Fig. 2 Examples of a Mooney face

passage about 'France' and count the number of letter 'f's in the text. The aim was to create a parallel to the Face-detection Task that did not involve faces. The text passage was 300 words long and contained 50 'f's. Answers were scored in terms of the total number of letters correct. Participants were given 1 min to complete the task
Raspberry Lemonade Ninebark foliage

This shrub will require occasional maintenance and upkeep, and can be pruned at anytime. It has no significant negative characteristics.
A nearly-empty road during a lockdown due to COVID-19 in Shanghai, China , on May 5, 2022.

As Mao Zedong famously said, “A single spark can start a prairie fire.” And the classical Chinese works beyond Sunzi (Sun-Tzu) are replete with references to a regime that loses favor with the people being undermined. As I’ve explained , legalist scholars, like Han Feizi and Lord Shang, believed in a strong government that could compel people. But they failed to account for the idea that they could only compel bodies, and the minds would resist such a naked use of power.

^^^^^^^^

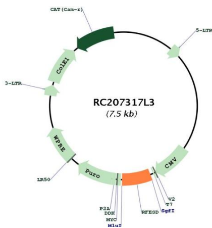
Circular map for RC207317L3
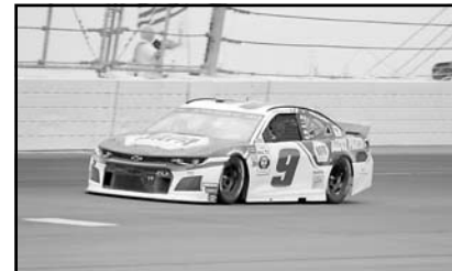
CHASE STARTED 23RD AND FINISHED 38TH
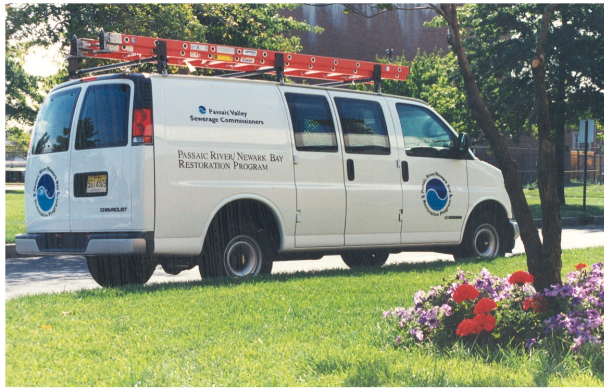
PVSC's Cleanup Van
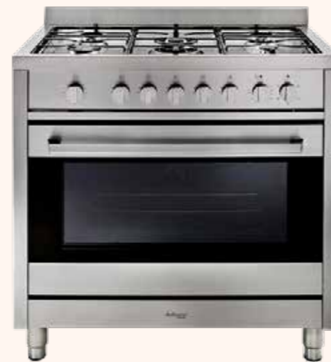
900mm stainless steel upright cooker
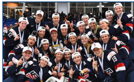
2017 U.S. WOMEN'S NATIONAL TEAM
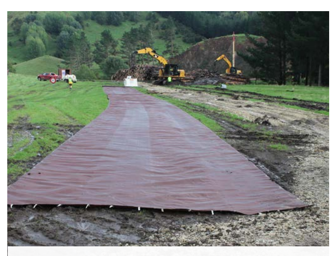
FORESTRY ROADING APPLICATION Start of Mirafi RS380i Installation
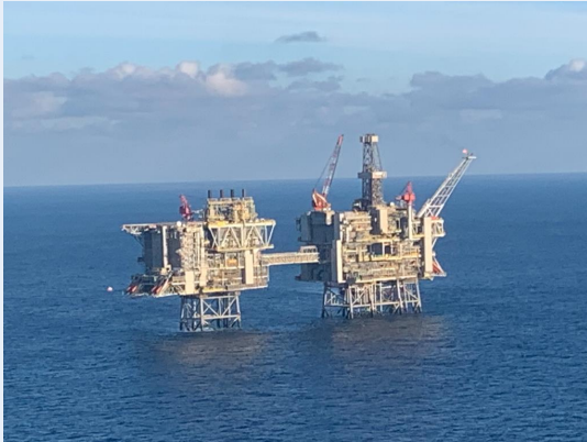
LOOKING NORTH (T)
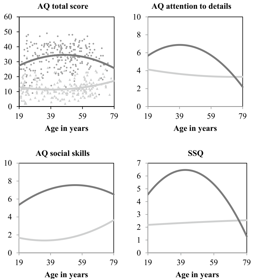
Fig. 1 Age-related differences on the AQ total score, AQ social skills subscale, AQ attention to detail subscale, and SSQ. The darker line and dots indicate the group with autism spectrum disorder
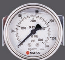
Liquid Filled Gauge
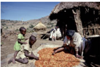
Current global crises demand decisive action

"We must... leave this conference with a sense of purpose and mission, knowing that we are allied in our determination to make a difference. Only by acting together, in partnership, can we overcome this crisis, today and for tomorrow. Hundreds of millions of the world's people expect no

^^^^^^^^

* Your goal: Out of the records above, return only the lines from the one with "Liquid Filled Gauge" through the one with "people expect no", exactly, and none of the pictures.

* Task output:
Liquid Filled Gauge
Current global crises demand decisive action

"We must... leave this conference with a sense of purpose and mission, knowing that we are allied in our determination to make a difference. Only by acting together, in partnership, can we overcome this crisis, today and for tomorrow. Hundreds of millions of the world's people expect no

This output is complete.